Scottish doctors Alexander Mackay and Robert Russell Ross, were working at the mine near the Río Tinto (Tinto river) that stretches across southern Spain, and founded the club as a way of keeping themselves and their colleagues fit as they lay train lines on the outskirts of the city.
Technically speaking, the Rio Tinto Foot-Ball Club was the first football club to be established in Spain in 1878 (also in Huelva province), but the team ceased to exist after a few years, meaning Recreativo is the oldest still existing club in Spain.
Charles Adam, the club’s first president, was also a Scot, and director of the Huelva Gas Company.
Recre’s first organised match came a few days later, reportedly against a group of British sailors docked at the town’s port, and then the first official match against Andalusian rivals Sevilla FC (formed in January 1890 by another Scot, Edward F. Johnston) in March of that same year.
Among the names in the starting XI that day were Alcock, Smith, Yates, Wakelin, Kirk, Daniels, Curtis, and Gibbon.
Recreativo continued playing invitational games over the next few years, facing groups of Britons working or docked in Spain, but also new Spanish clubs being formed as football mania swept over the country.
Eventually local tournaments were formed in the Andalusian area, and Recre won several cups before the turn of the century.
Unfortunately for Recreativo fans, aside from short stints in the first and second divisions over the years, the last in primera coming in the 2008/9 season, those early triumphs were the highlight.
By no means world beaters, Recreativo de Huelva are no Barcelona or Madrid but they are older than both, started a Spanish love affair with football that remains to this day, and will always have a footprint in the history of Spanish football.
But Recreativo isn’t the only British connection to Spanish football.
Scots and Englishmen founded several smaller clubs around the Madrid area before the birth of Real, and the Witty family helped to found Barcelona.
Many Scots who introduced football to the Catalonia region founded small clubs, and some even went onto to play for Barcelona.

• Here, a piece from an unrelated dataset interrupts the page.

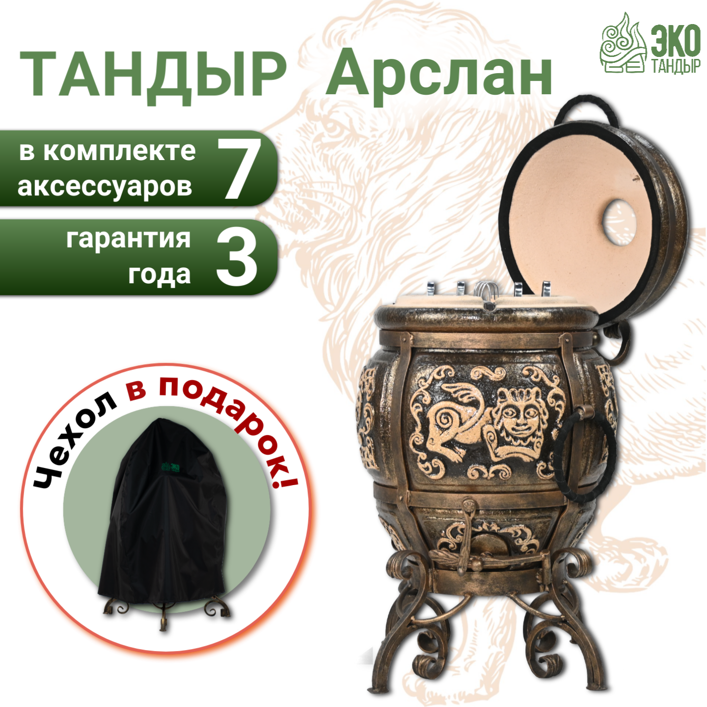 ТандырЭкоТандыр Арслан, цвет черный / тандыр с подставкой и термометром в комплекте, чехол в подарок

Scot George Pattullo was one of Barça’s first greats, scoring an incredible 43 goals in 23 games between 1910 and 1912 and even coming out of retirement to play against local rivals Espanyol in the 1912 cup semi-final.

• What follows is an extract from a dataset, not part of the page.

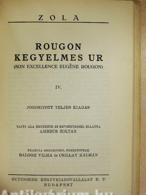 Zola nagy regénysorozata első művét, a La Fortune des Rougon-t 1868 telén kezdte írni és 1869 májusában fejezte be, de csak 1870 június végén jutott ahhoz, hogy munkájának első fejezetei megjelenhessenek, a Le Siécle című lapban. Három héttel később kitört a háború, a lap a regény közlését megszakította és folytatásának meg végének kiadását csak nyolc hónappal később kezdte meg. Zola tehát még alig fogott hozzá regénysorozata részletesen kidolgozott tervének megvalósításához, azt az uralmat, amelyet vádolni akart, már elítélte és kivégezte a sors. Mire hatodik művének, Son Excellence Eugéne Rougon-nak megírására került a sor, minden izgalom és harag nélkül, a történetíró nyugalmával gondolhatott arra a letűnt uralomra, melynek vezetőit és támaszait akarta bírálgatni ebben a könyvében. Így nem forgott abban a veszedelemben, ha nagy tehetsége nem is óvta volna meg ettől, hogy a második császárság előkelőségeit jellemző munkája olyan, idővel értéktelen pamfletté váljék, amilyen például a Zolát kicsinylő Léon Daudet akárhány regénye.

In the 1890’s British shipyard workers working in the Basque Country founded Bilbao Football Club.
Basque students who had been studying in England founded Athletic Club on their return home- naming it not ‘Atlético’ but Athletic in homage to the English game, and many early Spanish clubs were named in the English tradition and remained so until the rule of Franco.
Athletic Club de Bilbao even reportedly got their kit from Blackburn Rovers and then Southampton.
One curious linguistic quirk is that the word ‘fútbol’ even exists as a Spanish anglicism of the word football, and that very few clubs go by the more traditional ‘balompié’ like Real Betis de Balompié do.
Another example of the influence the creators of the beautiful game had over late 19th century Spaniards is seen in the iconic kits of Real Madrid, who in their early days adopted the all-white look to pay homage to the London-team Corinthian, an amateur team credited with having popularised football around the world and having promoted sportsmanship and fair play.
Whatever football team you support in Spain, whether it’s Sevilla, Celta de Vigo or of course Barça or Real, there’s a high chance the club’s origins have a British connection.